Fakta Jumlah Korban Virus Corona dan Pencegahan yang Harus Dilakukan

Meskipun sudah berlangsung sekitar dua tahun, virus corona masih menyebar ke banyak negara dan sepertinya belum menunjukkan akhir penyebaran. Dari banyak media, diberitakan jika jumlah korban virus corona juga cenderung meningkat dari waktu ke waktu. Hal ini tentu saka mengundang keprihatinan yang sangat mendalam.

Pasalnya, cukup banyak korban virus corona yang meninggal secara tiba-tiba. Mereka meninggalkan keluarga yang tidak jarang secara bersamaan. Di Indonesia sendiri, jumlah kasus dan orang yang meninggal karena paparan virus corona cenderung menunjukkan jumlah peningkatan yang cukup signifikan.

Oleh karenanya, penanganan dan pencegahan dari paparan virus corona harus menjadi fokus. Hanya dengan beragam upaya yang tepat, paparan virus corona akan bisa dikendalikan dan tentu saja nantinya korban karena paparan virus ini pun cenderung menurun.
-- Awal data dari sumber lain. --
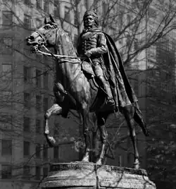 Dès ses débuts, la sculpture américaine fut immanquablement influencée par la sculpture européenne. En témoignent les nombreuses statues équestres. Ce furent d'abord bien évidemment les grands personnages de l'histoire américaine qui furent l'objet de cette représentation. Bien vite cependant, plusieurs artistes américains sont allés parfaire leurs connaissances et leur technique auprès de grands maîtres en Europe si bien qu'imprégnés de la culture de ce continent, ils ne purent restés insensibles au désir de retrouver sur le sol américain des représentations de personnages qui marquèrent l'histoire européenne. Aux côtés des George Washington[77], James Garfield[78], Nathanael Greene[79], et de bien d'autres apparurent dans la capitale américaine les Christophe Colomb[80], Dante Alighieri[81], Isabelle Ire de Castille[82], Martin Luther[83]... Les personnages de la France furent parmi les premiers à connaître cet honneur avec, entre autres, le marquis Gilbert de Lafayette[27] et Louis Daguerre[84] qui firent leur apparition au début de la décennie 1890 alors que la plupart de ces grandes figures européennes devront attendre le XXe siècle.
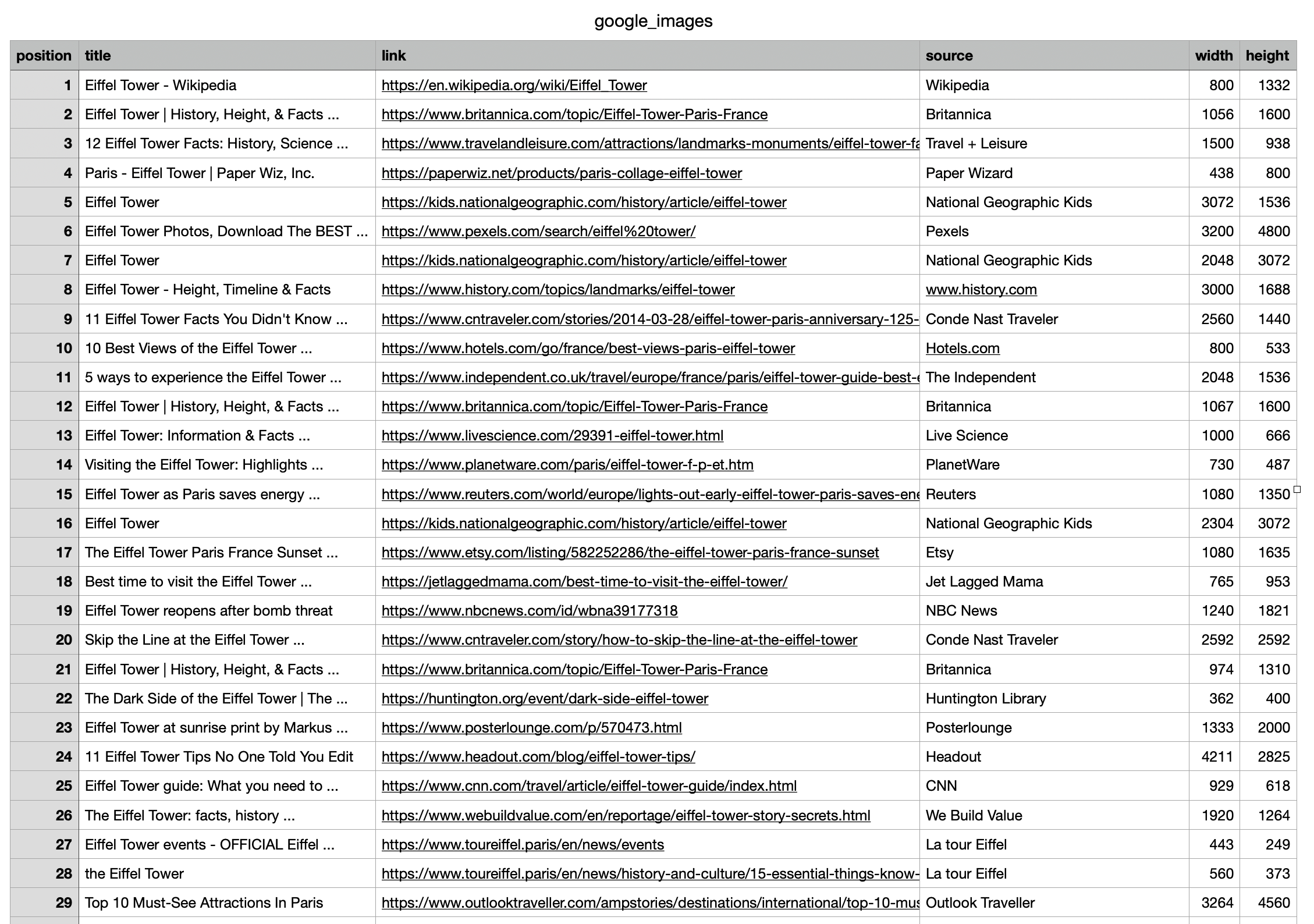 In this tutorial, we will scrape top images when searching with "Eiffel tower" keyword. The data contains: "position", "title", "link", "source", "width", "height", and more. You can also scrape more information with SerpApi.
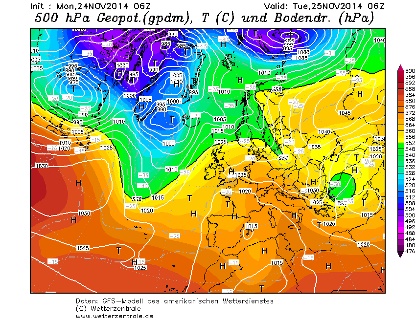 Op de kaart van GFS over 24 uur lijkt het hogedrukgebied zich iets terug te trekken naar het oosten maar een nieuwe rug lijkt zich te ontwikkeling boven Scandinavië, lage druk bij Turkije blijft.
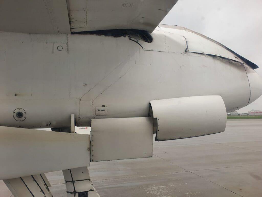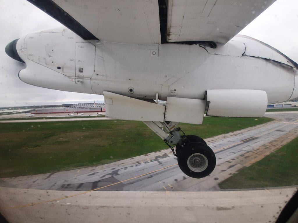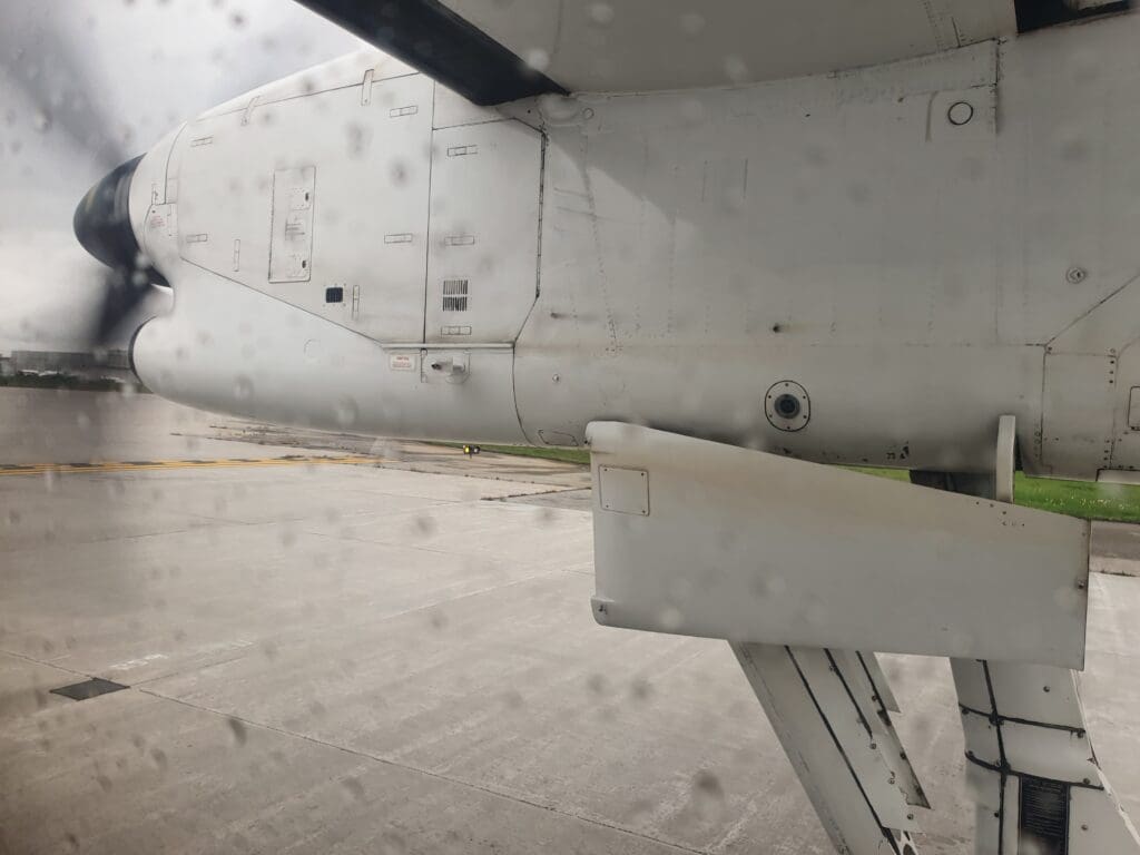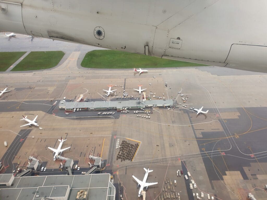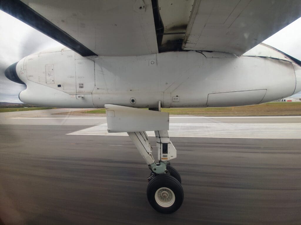 Upon sitting down, whilst the seats were firm, I was pleased and slightly surprised to find that these offered a fantastic amount of legroom. Perhaps unsurprisingly given the aircraft’s age, the cabin did appear to be slightly battered and worn, with a few marks and scratches present, however, it is worth noting that I have travelled on much newer aircraft in a far more tired state. In terms of design, the cabin was dated with old-fashioned PSUs, slightly discoloured panelling and relatively chunky windows. Whilst a fair number of rows appeared to be poorly aligned with the twelve windows on either side of the cabin, I was pleased to find that my seat aligned well with one of the portholes on the starboard side of the turboprop. However, as expected, these provided little view other than of the engine and the apron below. Interestingly, I noted that the aircraft appeared to lack window blinds, although being an enthusiast and enjoying watching the world go by, I am not a major fan of these anyway! Finally, the seatback pocket featured a safety card and a white logoless paper sick bag, located inside a resealable sandwich bag – presumably to allow for greater protection in the event that this was used.
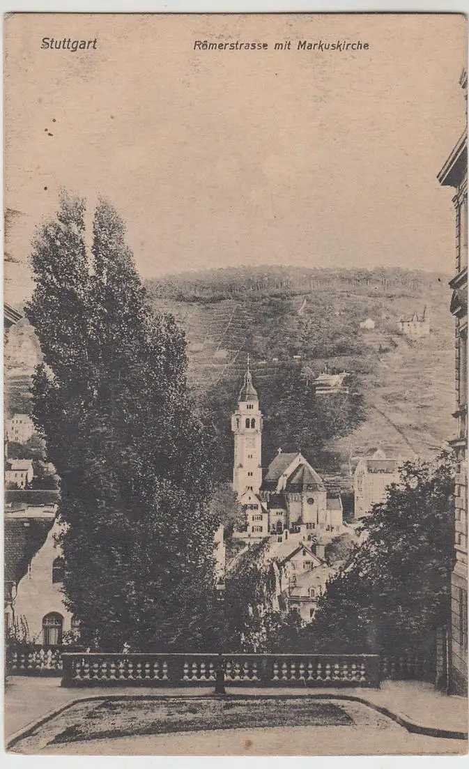 (112405) AK Stuttgart, Römerstraße, Markuskirche 1909

Tingkat Kematian Akibat Virus Corona

Sejak kemunculan virus corona di akhir 2019 yang lalu, virus corona sudah menginfeksi ribuan orang dan juga membuat banyak orang meninggal. Lalu, bagaimana dengan tingkat kematian dari virus corona tersebut?

Jika dilihat dari persentase, maka tingkat kematian dari paparan virus corona adalah sekitar 3%. Angka tersebut terlihat tidak terlalu besar. Namun, dengan jumlah penderita virus corona yang terus bertambah, tentu saja jumlah orang yang meninggal karena virus corona akan semakin membesar.

Saat ini, di Indonesia sendiri terjadi tren peningkatan penderita virus corona yang meninggal. Tidak hanya di rumah sakit, cukup banyak penderita virus corona yang meninggal di rumah tanpa pernah mendapatkan perawatan di rumah sakit karena terbatasnya tempat perawatan yang tersedia.

Fakta tersebut tentu harus menjadi catatan yang sangat penting. Seiring dengan tingkat bahaya virus corona yang meningkat, maka Anda sebaiknya mawas diri dan memperhatikan tanda-tanda serangan virus corona.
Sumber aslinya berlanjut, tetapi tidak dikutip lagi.